We rely on, among other things, commercially available systems, software, tools and monitoring to provide security for
processing, transmission and storage of confidential information of customers, associates and third parties, such as payment card and
personal information. The systems currently used for transmission and approval of payment card transactions, and the technology
utilized in payment cards themselves, all of which can put payment card data at risk, are central to meeting standards set by the
payment card industry (“PCI”). We continue to evaluate and modify our systems and protocols for PCI compliance purposes, and such
PCI standards may change from time to time. Activities by third parties, advances in computer and software capabilities and
encryption technology, new tools and discoveries and other events or developments may facilitate or result in a compromise or breach
of our systems. Any compromises, breaches or errors in applications related to our systems or failures to comply with standards set by
the PCI could cause damage to our reputation and interruptions in our operations, including our customers’ ability to pay for our
services and products by credit card or their willingness to purchase our services and products and could result in a violation of
applicable laws, regulations, orders, industry standards or agreements and subject us to costs, penalties and liabilities which could
have a material adverse impact on our reputation, business, financial position, results of operations and cash flows.
We may not be able to adequately protect our intellectual property and other proprietary rights that are material to our business.

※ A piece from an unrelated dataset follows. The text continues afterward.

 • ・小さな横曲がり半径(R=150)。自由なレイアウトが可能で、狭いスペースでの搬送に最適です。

Our ability to compete effectively depends in part on our rights to service marks, trademarks, trade names and other
intellectual property rights we own or license, particularly our registered brand names, ServiceMaster, Terminix, American Home
Shield, ServiceMaster Restore, ServiceMaster Clean, Merry Maids, Furniture Medic and AmeriSpec. We have not sought to register
or protect every one of our marks either in the United States or in every country in which they are or may be used. Furthermore,
because of the differences in foreign trademark, patent and other intellectual property or proprietary rights laws, we may not receive
the same protection in other countries as we would in the United States. If we are unable to protect our proprietary information and
brand names, we could suffer a material adverse impact on our reputation, business, financial position, results of operations and cash
flows. Litigation may be necessary to enforce our intellectual property rights and protect our proprietary information, or to defend
against claims by third parties that our products, services or activities infringe their intellectual property rights.
Future acquisitions or other strategic transactions could negatively impact our reputation, business, financial position, results of
operations and cash flows.
We may pursue strategic transactions in the future, which could involve acquisitions or dispositions of businesses or assets.

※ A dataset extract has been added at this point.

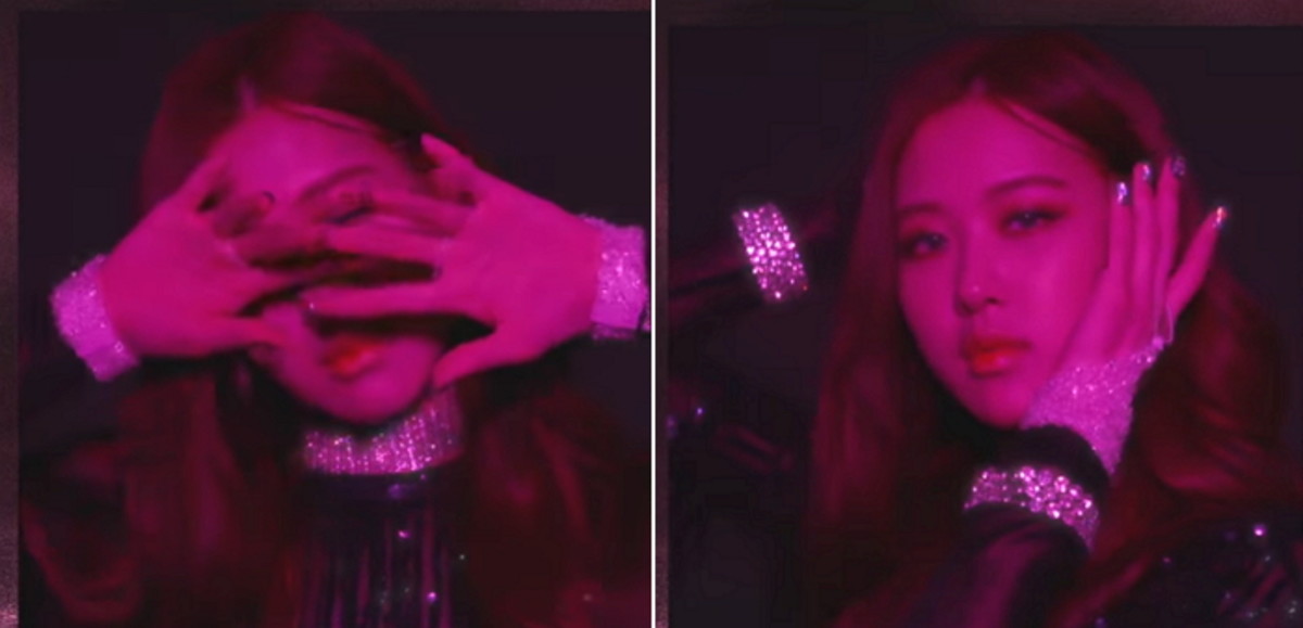 로제는 보랏빛이 가득한 조명아래 반짝거리는 액세사리를 착용한 모습으로 카메라를 바라보며 약간의 손동작 안무를 선보인다.

Any future strategic transaction could involve integration or implementation challenges, business disruption or other risks, or change
our business profile significantly. Any inability on our part to consolidate and manage growth from acquired businesses or
successfully implement other strategic transactions could have an adverse impact on our reputation, business, financial position,
results of operations and cash flows. Any acquisition that we make may not provide us with the benefits that were anticipated when
entering into such acquisition. The process of integrating an acquired business may create unforeseen difficulties and expenses,
including the diversion of resources needed to integrate new businesses, technologies, products, personnel or systems; the inability to
retain associates, customers and suppliers; the assumption of actual or contingent liabilities (including those relating to the
environment); failure to effectively and timely adopt and adhere to our internal control processes and other policies; write-offs or
impairment charges relating to goodwill and other intangible assets; unanticipated liabilities relating to acquired businesses; and
potential expense associated with litigation with sellers of such businesses. Any future disposition transactions could also impact our
business and may subject us to various risks, including failure to obtain appropriate value for the disposed businesses, post-closing
claims being levied against us and disruption to our other businesses during the sale process or thereafter.
We may be required to recognize additional impairment charges.
In the first quarter of 2014, we incurred impairment charges with respect to fixed assets, and we have also incurred
impairment charges in the past in connection with our disposition activities. We have significant amounts of goodwill and intangible
assets, such as trade names. In accordance with applicable accounting standards, goodwill and indefinite-lived intangible assets are not
amortized and are subject to assessment for impairment by applying a fair-value based test annually, or more frequently if there are
indicators of impairment, including:
significant adverse changes in the business climate, including economic or financial conditions;
significant adverse changes in expected operating results;
adverse actions or assessments by regulators;
unanticipated competition;
loss of key personnel; and
a current expectation that it is more likely than not that a reporting unit or intangible asset will be sold or otherwise
disposed of.
In February 2014, American Home Shield ceased efforts to deploy a new operating system that had been intended to improve
customer relationship management capabilities and enhance its operations. We recorded an impairment charge of $47 million in the
year ended December 31, 2014 relating to this decision.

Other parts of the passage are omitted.